Такимъ образомъ, на биржѣ, въ присутствіи кредиторовъ, Джонъ Осборнъ обнаруживалъ отчаянное презрѣніе къ Джону Седли, и это почти совсѣмъ доканало разбитое сердце погибающаго человѣка. Всякія сношенія Джорджа съ миссъ Амеліей были запрещены строжайшимъ образомъ, подъ опасеніемъ отеческихъ проклятій, если молодой человѣкъ, сверхъ чаянія, задумаетъ опять сдѣлаться внимательнымъ къ своей бывшей невѣстѣ. Произнося это непреложное veto, Джонъ Осборнъ не посовѣстился оклеветать невинную дѣвушку, называя ее легкомысленной и вѣтреной кокеткой, заслуживающей полнаго презрѣнія со стороны порядочнаго джентльмена. Гнѣвъ и ненависть отличаются, между-прочимъ, тѣмъ оригинальнымъ свойствомъ, что клеветникъ, съ теченіемъ времени, самъ начинаетъ мало-по-малу вѣрить въ справедливость своихъ наговоровъ и сплетней. Джонъ Осборнъ былъ, въ самомъ дѣлѣ, убѣжденъ, что Амелія пренегодная дѣвчонка.

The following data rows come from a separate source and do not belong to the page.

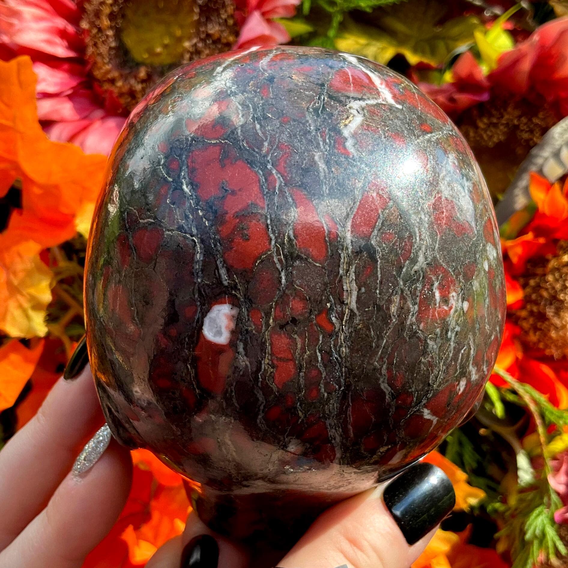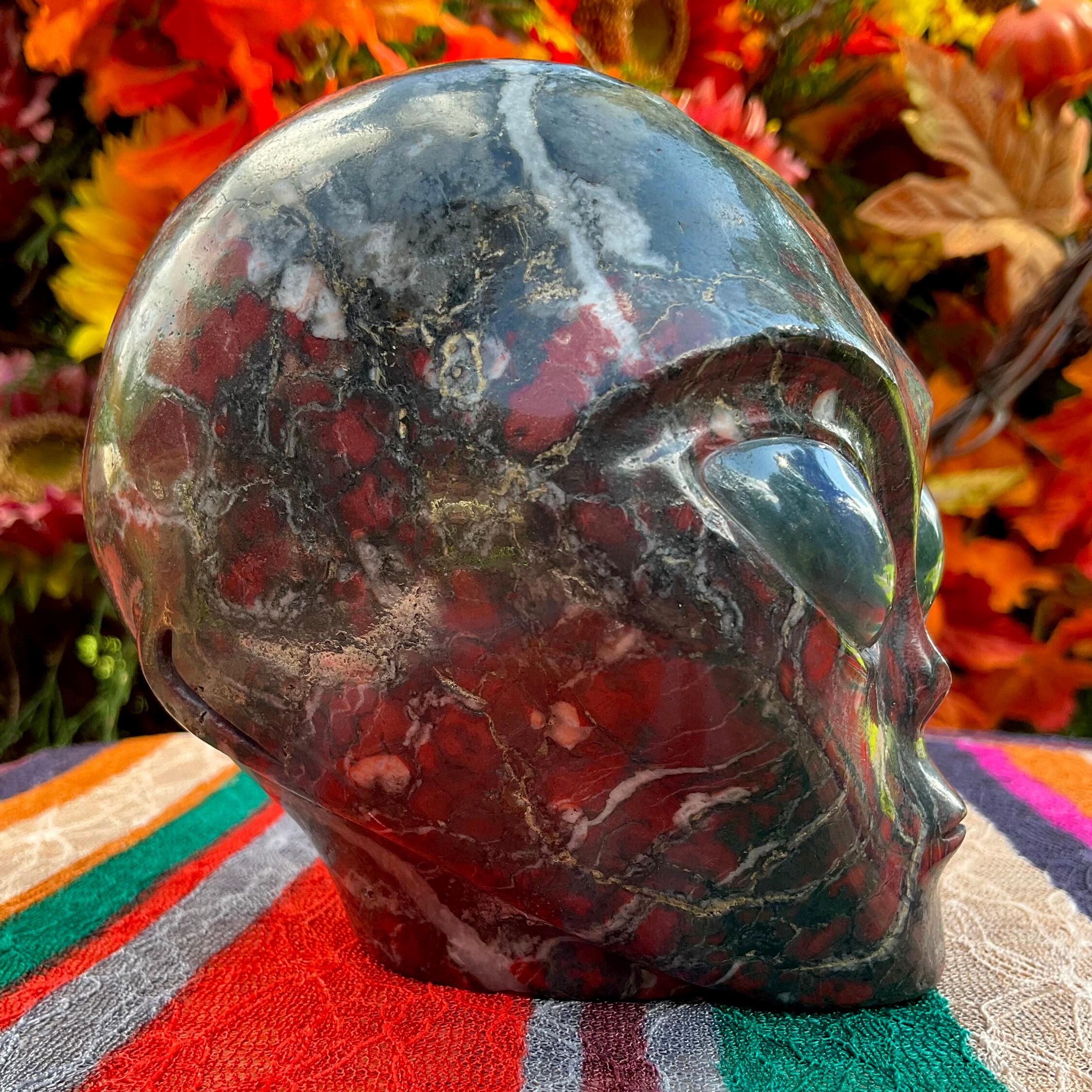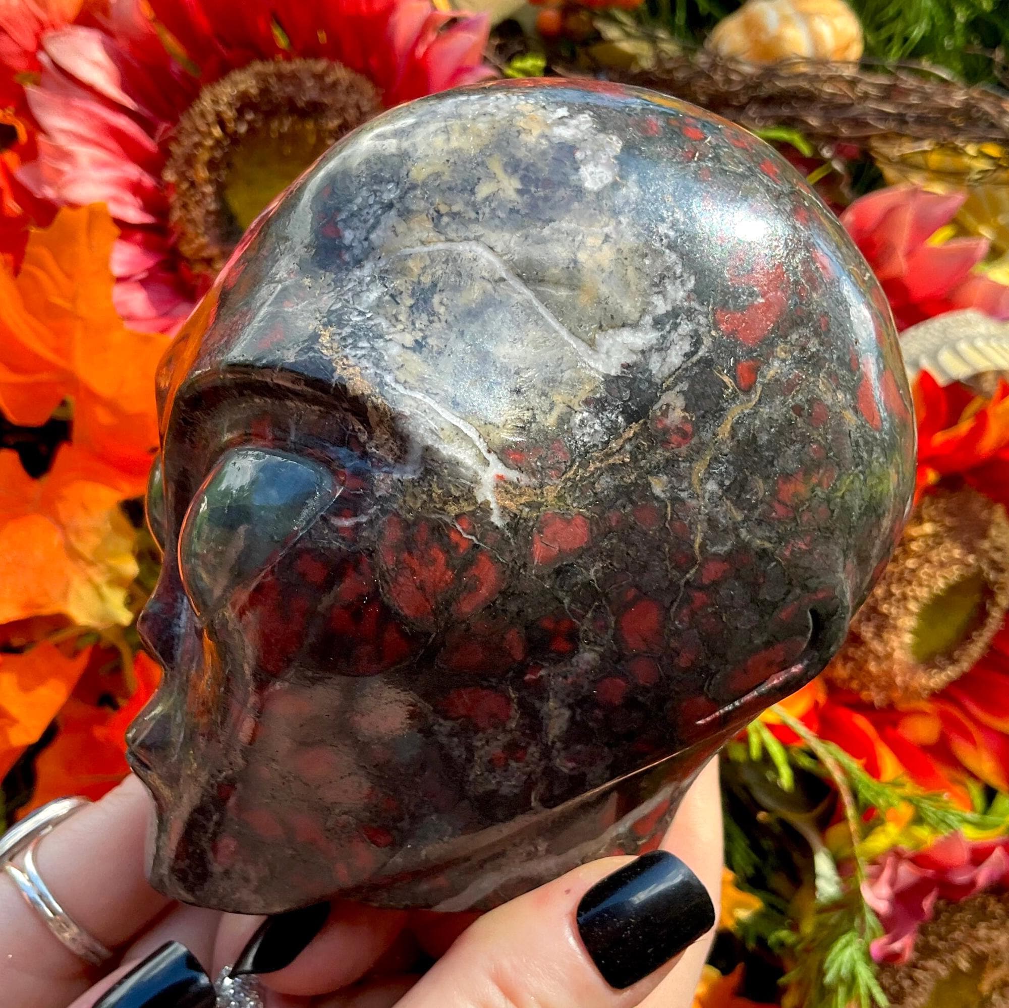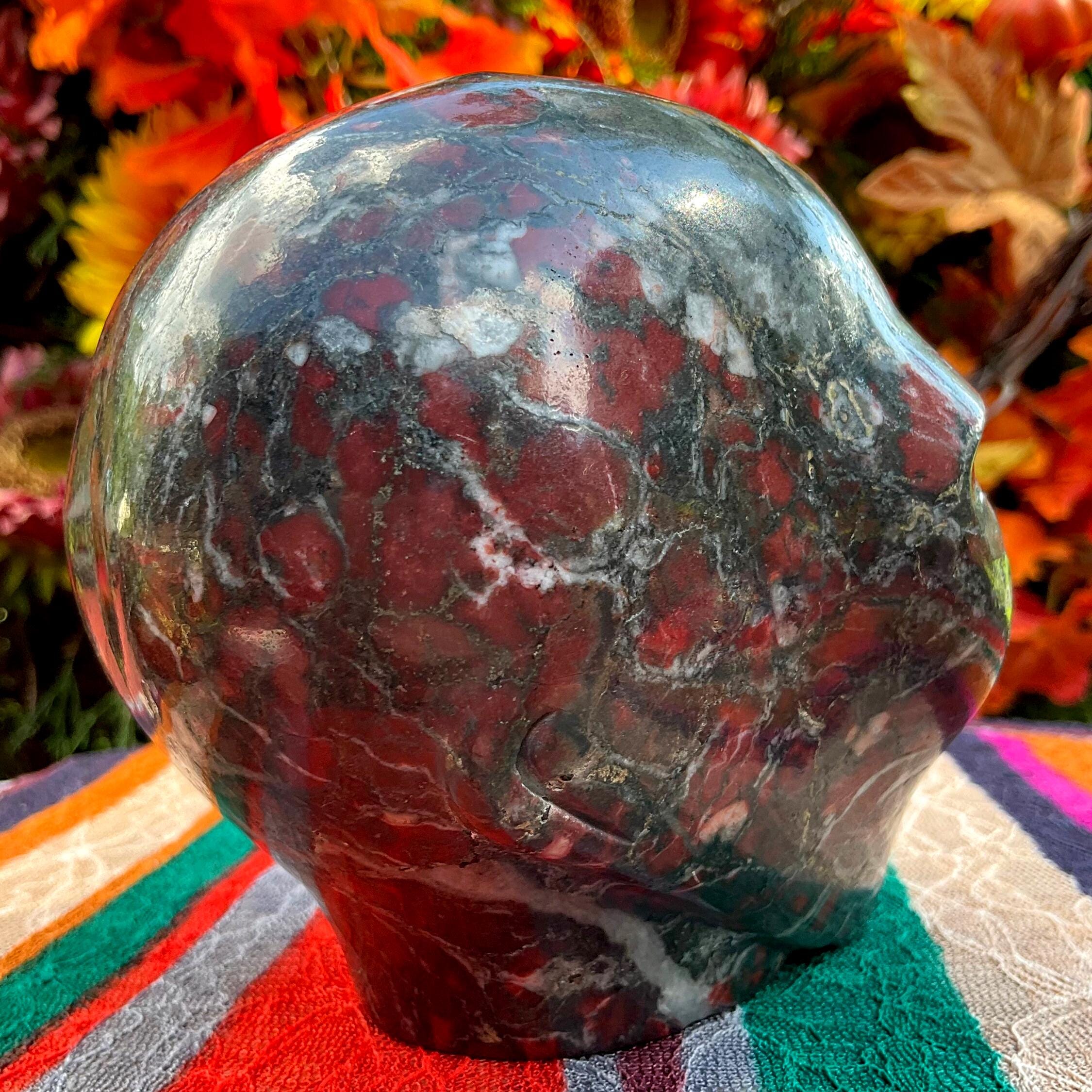 This Gorgeous Brecciated Jasper Alien Skull Hand Carved Crystal Sculpture is perfection in every way.
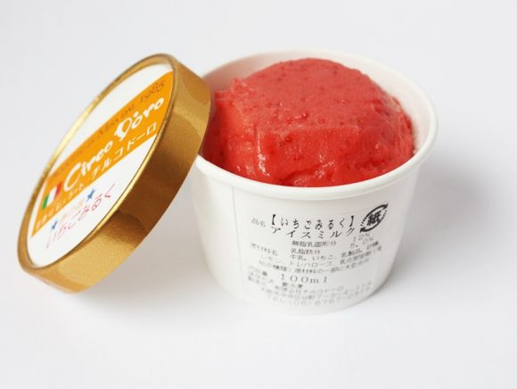 「いちごみるく」は、大阪にある手作りジェラート専門店チルコドーロが手がけるアイス。
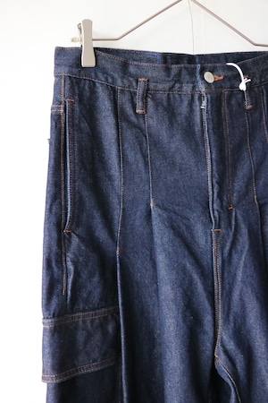 カーゴパンツをベースにしたディテールを落とし込み、膝元には2本ずつタックを入れることでより立体感と動きやすさを追加しています。
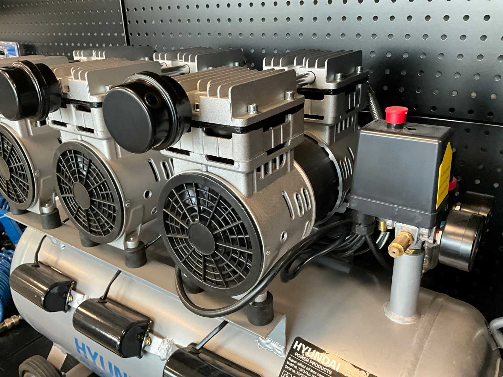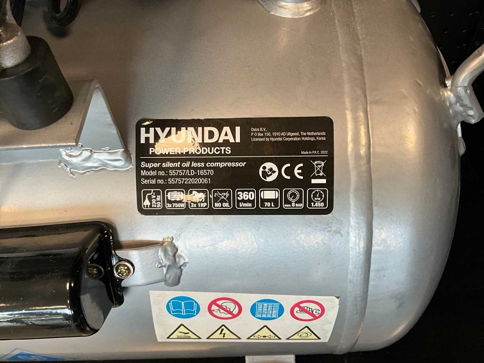 3x 750W; 3x 1pk; Merk: Hyundai Type: 55757 Bouwjaar: 2022 Serienummer: 5575722020061 Mobiel: true Capaciteit.: 8bar Luchtstroom: 360l/min Buffertank inhoud: 70l Aansluiting: 230V Totale afmeting L: 800mm Totale afmeting Breedte: 400mm Totale afmeting Hoogte: 600mm
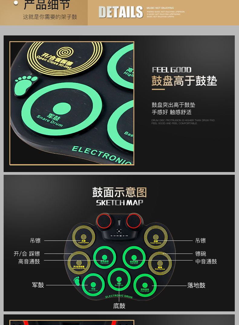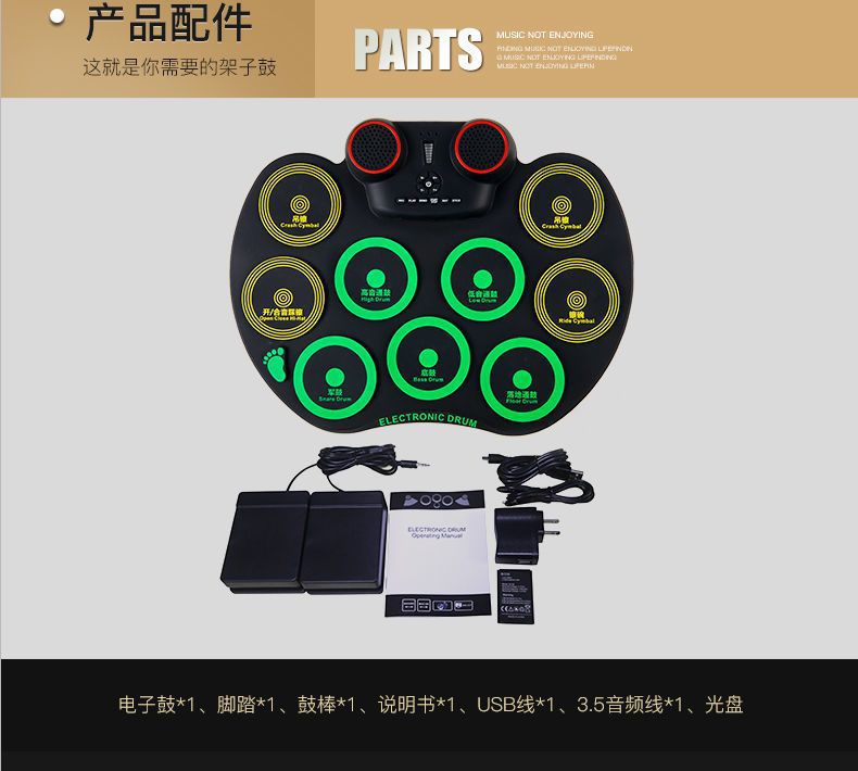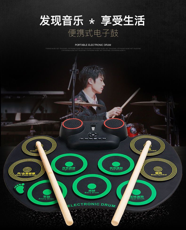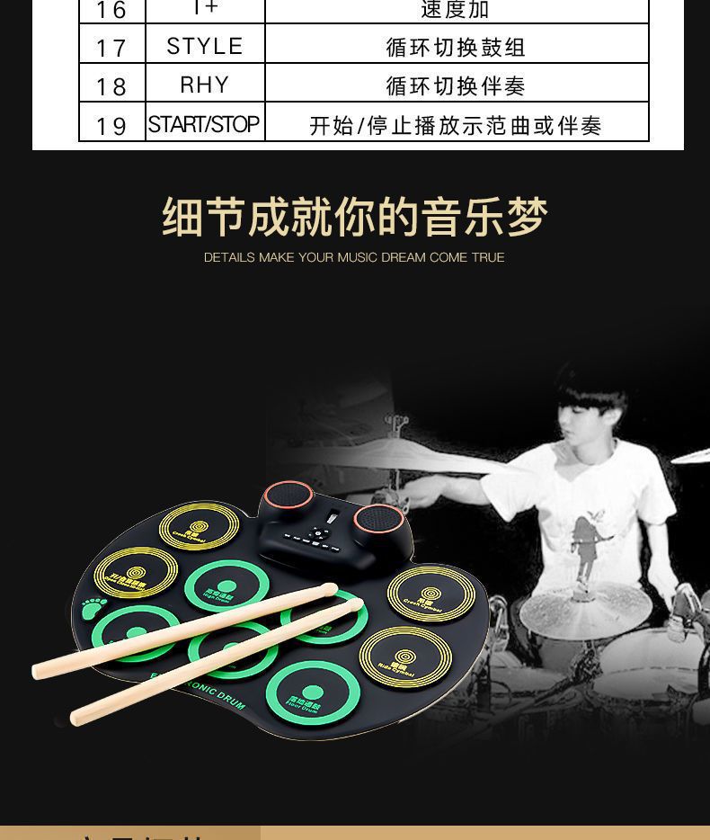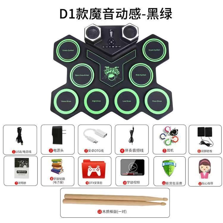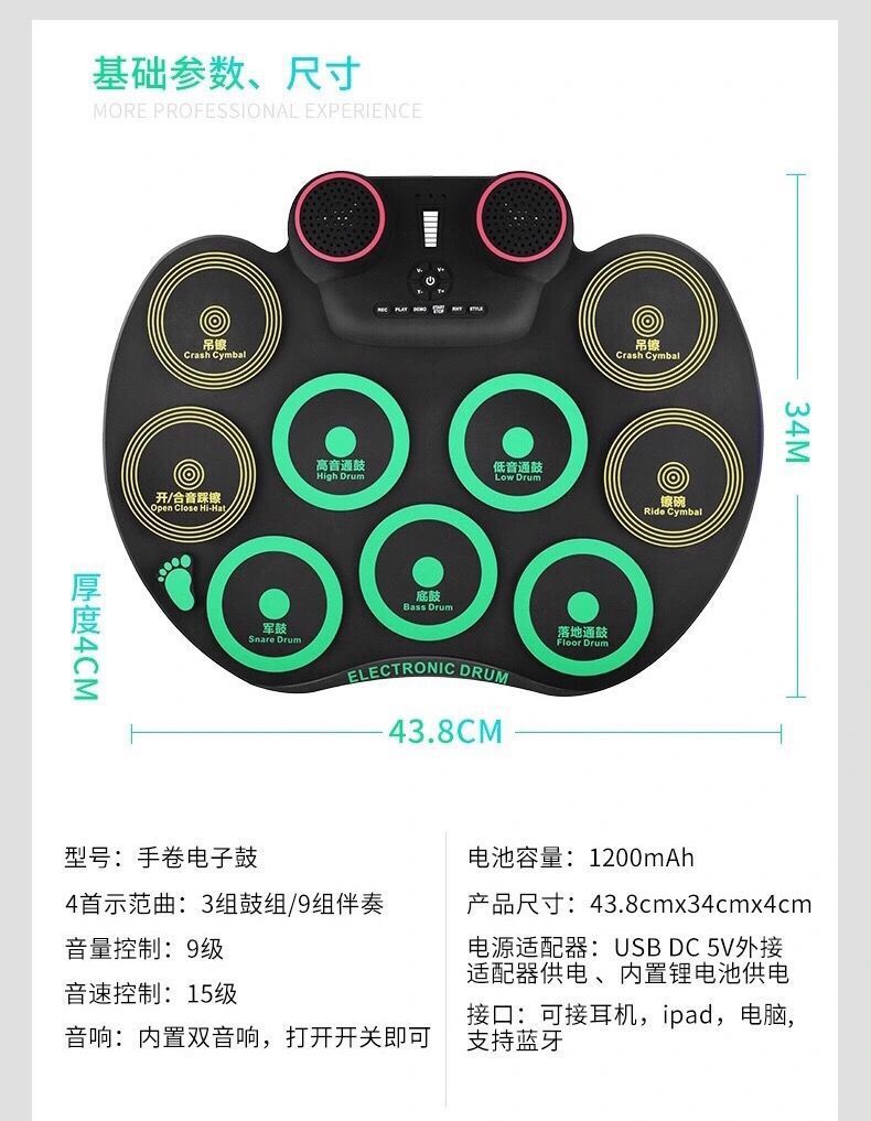 학생 및 어린이 초보자 드럼을 연습 할 수있는 편리한 성인 전문 전자 패드를 접는 손으로 굴린 전자 드럼 세트 드럼스토어 가기
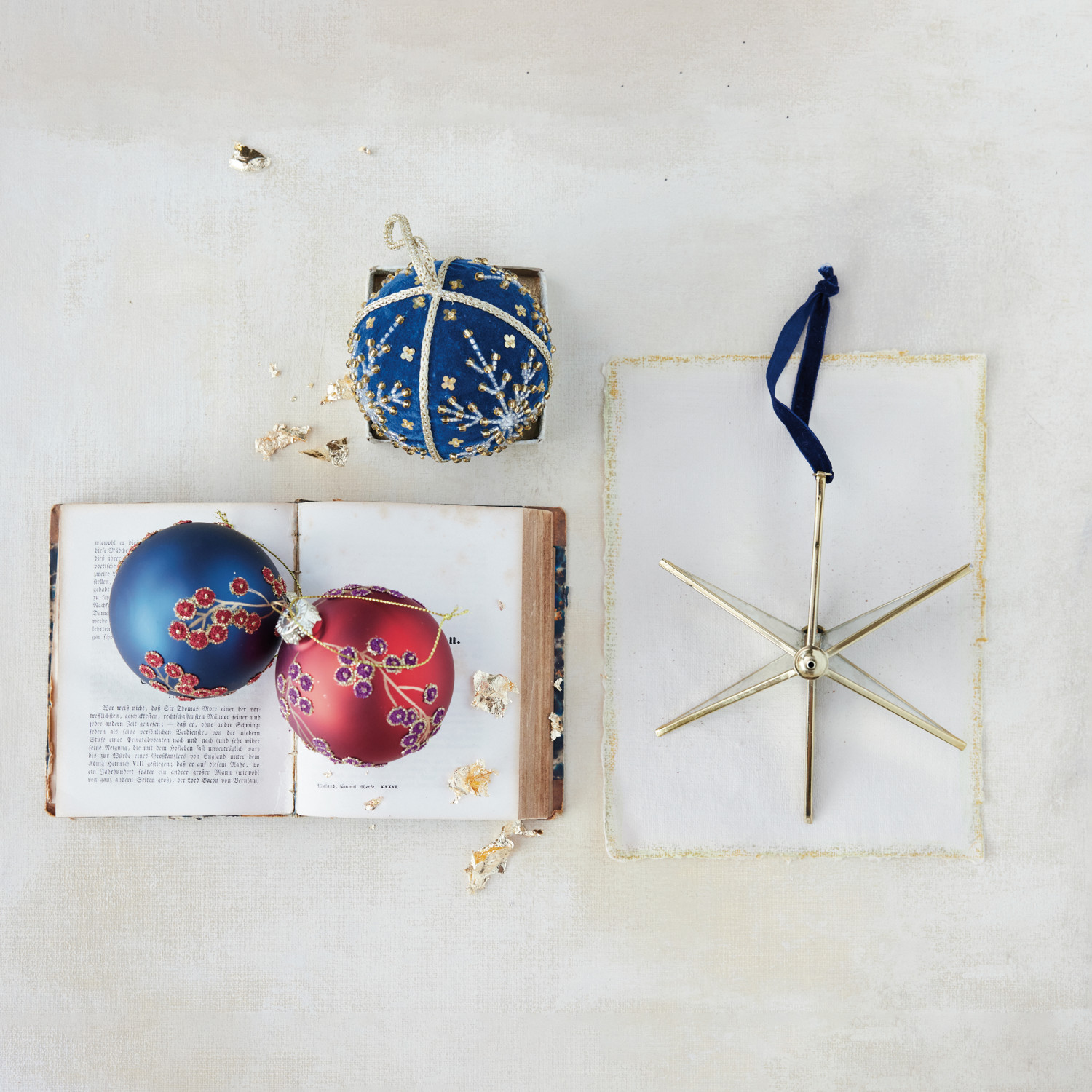 Handmade Antique Mirrored Glass & Brass Star Ornament with Blue Velvet Ribbon Hanger
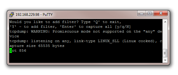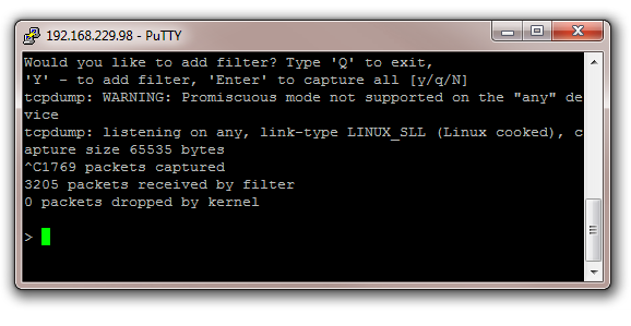 3. The limited shell's implementation of tcpdump supports filters to reduce the number of packets to be collected, similar to the filters available on the Linux tcpdump command (e.g., port 8080, host 192.168.1.29, etc.).
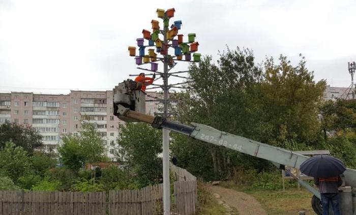 В Перми возле реки Уинка появился новый арт-объект - искусственное дерево с множеством цветных скворечников. Его открыла команда проекта «Подари планете жизнь» и назвала его «Дом Ста Птиц». Официальное открытие арт-объекта состоится 16 сентября. Он размещен при входе в Сад Соловьев рядом с домом по улице Аркадия Гайдара, 5.

Когда совершилась роковая катастрофа, и несчастное семейство банкрота переѣхало изъ Россель-Сквера къ Аделаидинымъ вилламъ, Амелія должда была увидѣть, что все кончилось между нею и Джорджемъ. Джонъ Осборнъ потрудился написать къ ней собственноручное письмо, гдѣ, въ грубыхъ выражегіяхъ, извѣщалъ молодую дѣвушку, что отнынѣ и впредь навсегда имѣютъ быть прекращены всякіяобязательства между двумя фамиліями, поелику господинъ Джонъ Седли, къ великому огорченію и соболѣзнованію, обнаружилъ, въ послѣднее время, многія качества и свойства, несовмѣстныя съ достоинствомъ истинннаго джентльмена. Всѣ эти удары молодая дѣвушка перенесла съ такою твердостію, какой вовсе не ожидала отъ нея мистриссъ Седли (старикъ Джонъ мало думалъ о своей дочери; голова его исключительно была занята собственными дѣлами, бросавшими мрачную тѣнь на его коммерческую честь и доброе имя). Амелія прочитала письмо старика Осборна съ холоднымъ спокойствіемъ и грустной улыбкой на устахъ. Оно только служило для нея подтвержденіемъ мрачныхъ предчувствій, уже давно бременившихъ ея душу. Она прочитала себѣ приговоръ за преступленіе, въ которомъ давно была виновата, и приговоръ этотъ казался справедливымъ; зачѣмъ, въ самомъ дѣлѣ, она любила слишкомъ сильно, наперекоръ внушеніямъ разсудка? И теперь, какъ прежде, бѣдная дѣвушка не обнаруживала своихъ мыслей. Горькая чаша ея страданій уже давно была наполнена до самаго края, и послѣднія событія не прибавили къ ней ни одной капли. Такимъ образомъ, она перебралась изъ большого дома въ маленькую хижину безъ всякихъ взрывовъ болѣзненной тоски. Большую часть времени, теперь какъ и прежде, она оставалась въ своей маленькой комнатѣ, предавалась безмолвной грусти, и таяла какъ свѣчка со дня на день.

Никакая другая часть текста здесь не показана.